Reproduce each entry exactly as it reads. Leave the images out.

Stored records:

# # # #

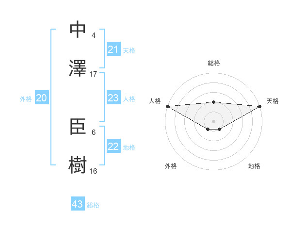 中澤 臣樹さんを姓名の画数から五運を鑑定
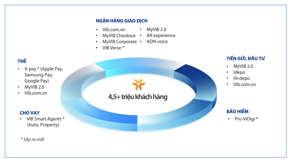 Với chiến lược nhất quán lấy khách hàng làm trọng tâm trong quá trình số hóa và chuyển đổi số, VIB tiên phong ứng dụng nhiều công nghệ mới và xây dựng các chuỗi giá trị nhằm mang đến cho khách hàng những trải nghiệm tốt hơn. Kể từ đầu năm 2023, VIB cho ra mắt thêm nhiều sản phẩm ngân hàng số với đa dạng tính năng mang lại tiện ích cho người dùng. Nhờ vậy, giao dịch qua kênh số trong 6 tháng đầu năm lên tới hơn 150 triệu lượt, dự kiến tăng gấp 3 so với năm 2022. Số lượng người dùng hoạt động lên tới hơn 1,5 triệu người, tăng gần 40% so với đầu năm.
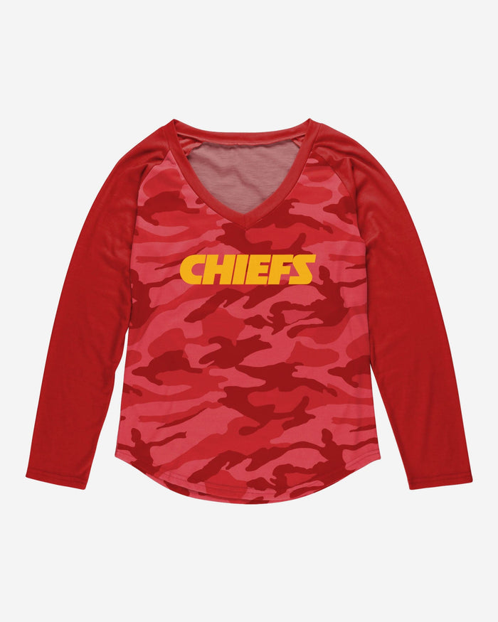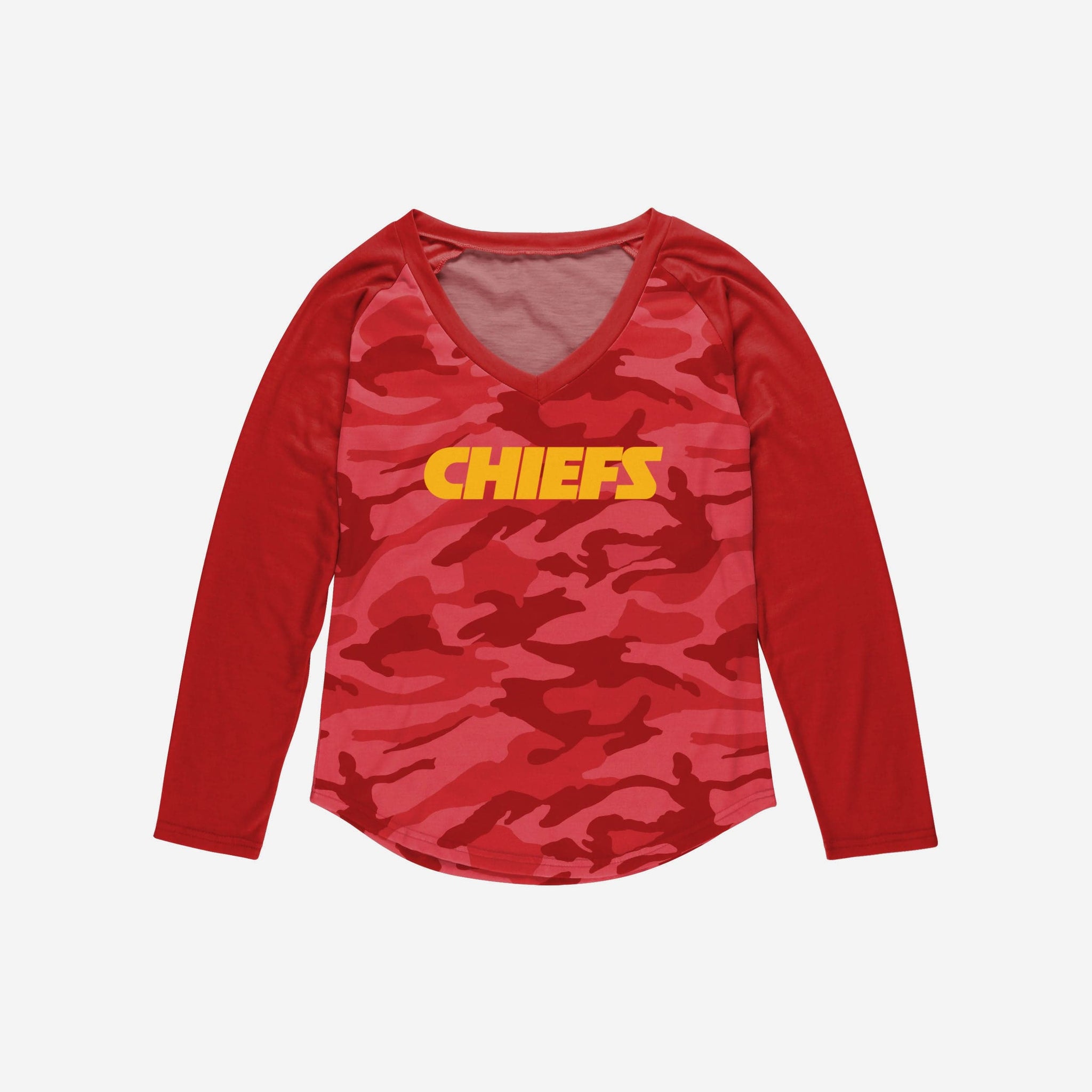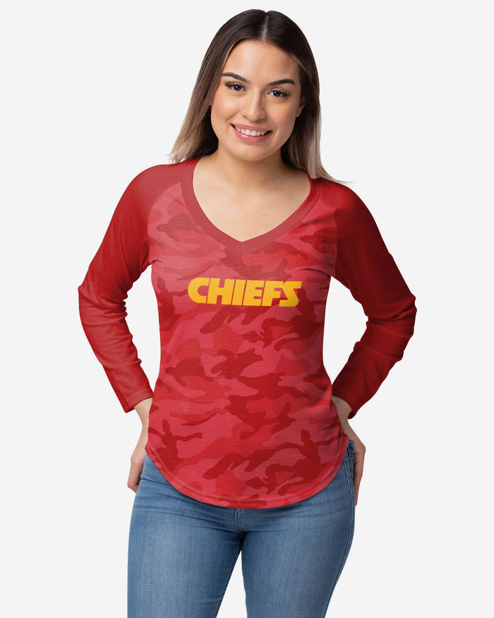 Despite its sleek camouflage design, when you're rocking this Kansas City Chiefs Women's Wordmark Tonal Camo Raglan T-Shirt, you won't blend in with the crowd - You'll stand out.
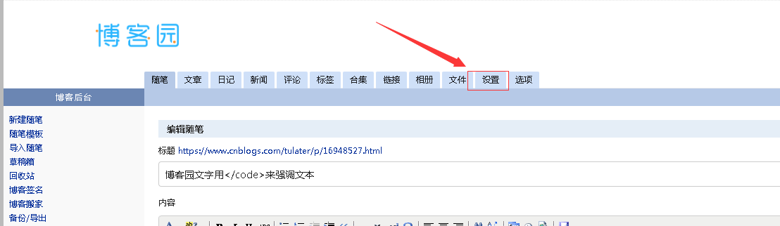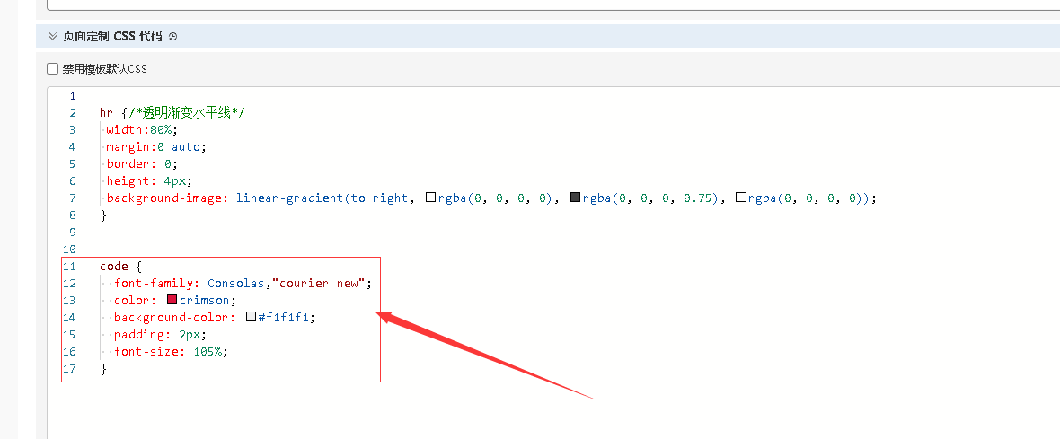 然后 ,在 博客园后台,设置<code>标签的样式:
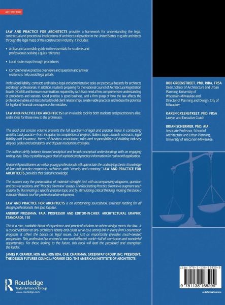 Provides a framework for understanding of the legal, contractual and procedural implication of architectural practice. The book acts as a useful aide-memoire for students and practitioners based on the premise that smooth legal administration will provide the conditions under which client relations can be constructive and good design can be achieved.
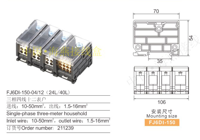 英文名称:Guide rail type connection terminal
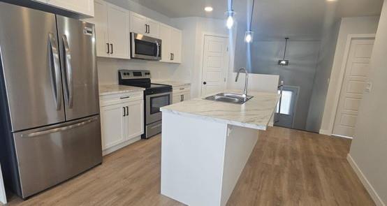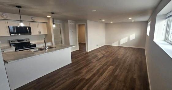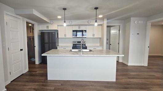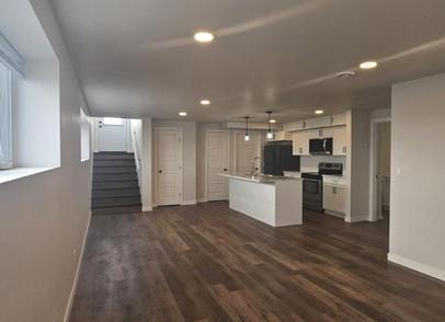 Suite B is 950 sq ft with 1 bedroom, a bathroom and a garage.

# # # #

= Task answer =
 中澤 臣樹さんを姓名の画数から五運を鑑定
 Với chiến lược nhất quán lấy khách hàng làm trọng tâm trong quá trình số hóa và chuyển đổi số, VIB tiên phong ứng dụng nhiều công nghệ mới và xây dựng các chuỗi giá trị nhằm mang đến cho khách hàng những trải nghiệm tốt hơn. Kể từ đầu năm 2023, VIB cho ra mắt thêm nhiều sản phẩm ngân hàng số với đa dạng tính năng mang lại tiện ích cho người dùng. Nhờ vậy, giao dịch qua kênh số trong 6 tháng đầu năm lên tới hơn 150 triệu lượt, dự kiến tăng gấp 3 so với năm 2022. Số lượng người dùng hoạt động lên tới hơn 1,5 triệu người, tăng gần 40% so với đầu năm.
 Despite its sleek camouflage design, when you're rocking this Kansas City Chiefs Women's Wordmark Tonal Camo Raglan T-Shirt, you won't blend in with the crowd - You'll stand out.
 然后 ,在 博客园后台,设置<code>标签的样式:
 Provides a framework for understanding of the legal, contractual and procedural implication of architectural practice. The book acts as a useful aide-memoire for students and practitioners based on the premise that smooth legal administration will provide the conditions under which client relations can be constructive and good design can be achieved.
 英文名称:Guide rail type connection terminal
 Suite B is 950 sq ft with 1 bedroom, a bathroom and a garage.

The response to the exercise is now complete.